🤖 AI Summary
This work addresses the challenge of efficiently mining high-value, safety-critical, and planning-relevant scenarios from large-scale autonomous driving logs. The proposed method, AutoMine, integrates large language models (LLMs) and vision-language models (VLMs) to enhance robustness and adaptability. It employs semantics-preserving prompt augmentation to reduce sensitivity to prompt variations, combines trajectory atomic functions with visual functions to handle perception noise and open-world information, and introduces a code self-optimization mechanism driven by execution feedback from real-world logs.
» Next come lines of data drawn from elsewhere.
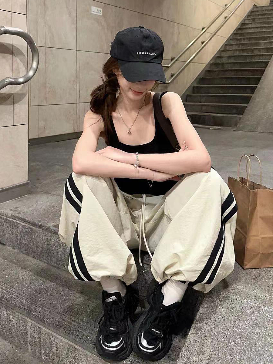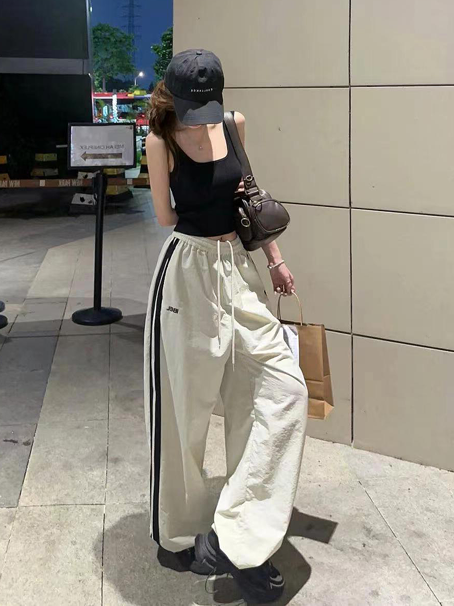 미국 스타일 뜨거운 소녀 닫는 바지 여성 러쉬 바지 디자인 센스 느슨한 바지 캐주얼 슬리밍 바지 작은 스포츠 바지스토어 가기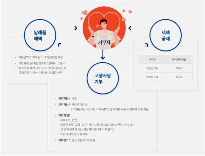 고향사랑기부제는 개인이 태어난 지역은 물론 학업·근무·여행 등을 통해 관계를 맺은 '제2의 고향' 등에 기부하면, 지자체는 기부금을 주민 복리증진 등에 사용하고 기부자에게는 세액공제와 답례품 혜택을 주는 제도다.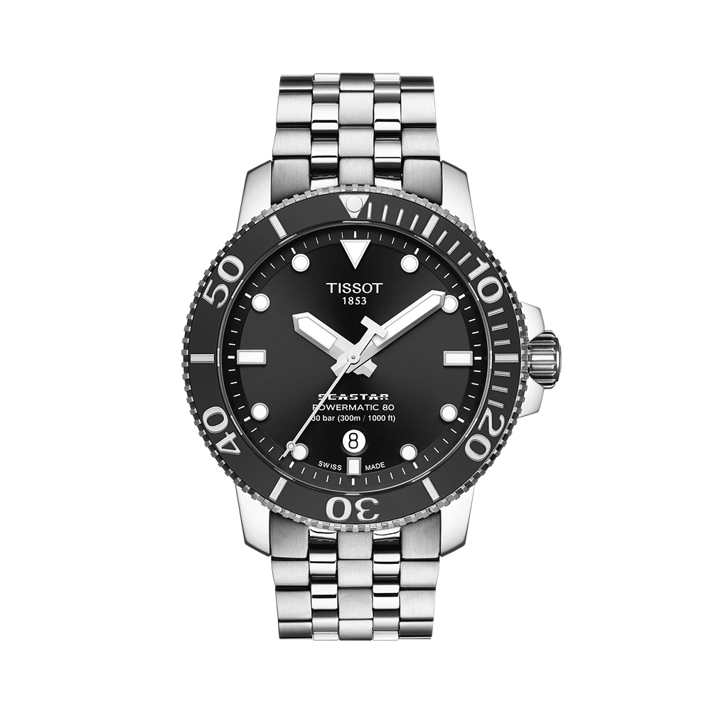 The automatic choice for divers. With its high water-resistance up to a pressure of 30 bar (300 m/1000 ft), screw-down crown and caseback as well as its unidirectional ceramic bezel, the Tissot Seastar 1000 is the ultimate diving watch, now combined with the energy of the Powermatic 80 movement.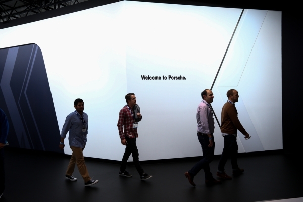 Attendees pass by a sign welcoming people to the Porsche booth during the Los Angeles Auto Show on Thursday, Nov. 19, 2015. Chase Stevens/Las Vegas Review-Journal Follow @csstevensphoto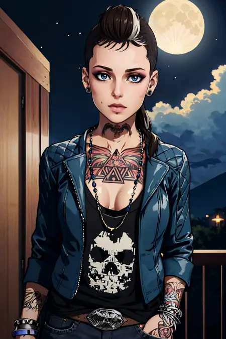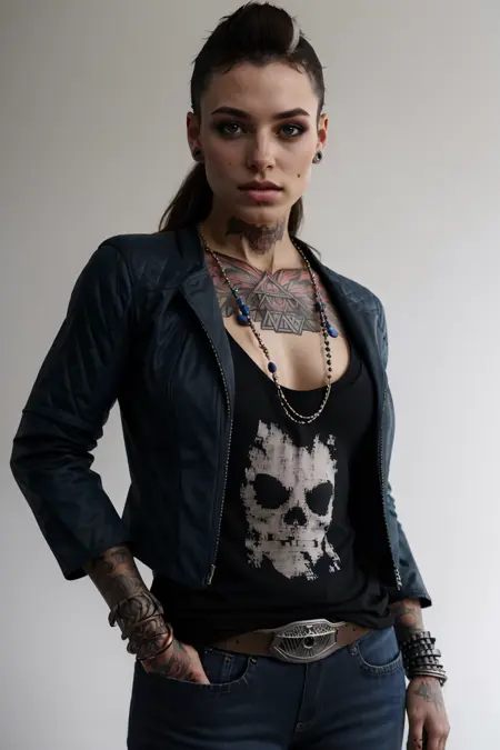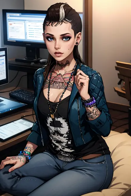 衣装トリガー:タトゥー、ピアス、ジャケット、パンツ、メイク、ネックレス、ブレスレット、イヤリング

This enables iterative and reliable scenario discovery. The effectiveness of AutoMine is validated through its top performance in the CVPR 2026 Argoverse 2 Scene Mining Challenge, achieving a HOTA-Temporal score of 36.38 and a Timestamp BA score of 77.21.
📝 Abstract
With the development of autonomous driving systems, mining high-value, safety-critical, and planning-relevant scenarios from large-scale driving logs has become essential for data-driven evaluation. In this paper, we propose AutoMine, a robust self-refining scenario mining method based on LLMs and VLMs. AutoMine uses semantics-preserving prompt augmentation to reduce LLM prompt sensitivity, combines robust trajectory atomic functions with VLM-based functions to handle perception noise and open-world visual cues, and refines generated code through execution feedback from real logs. In the Argoverse 2 Scenario Mining Competition at CVPR 2026, AutoMine achieves a HOTA-Temporal score of 36.38 and a Timestamp BA score of 77.21.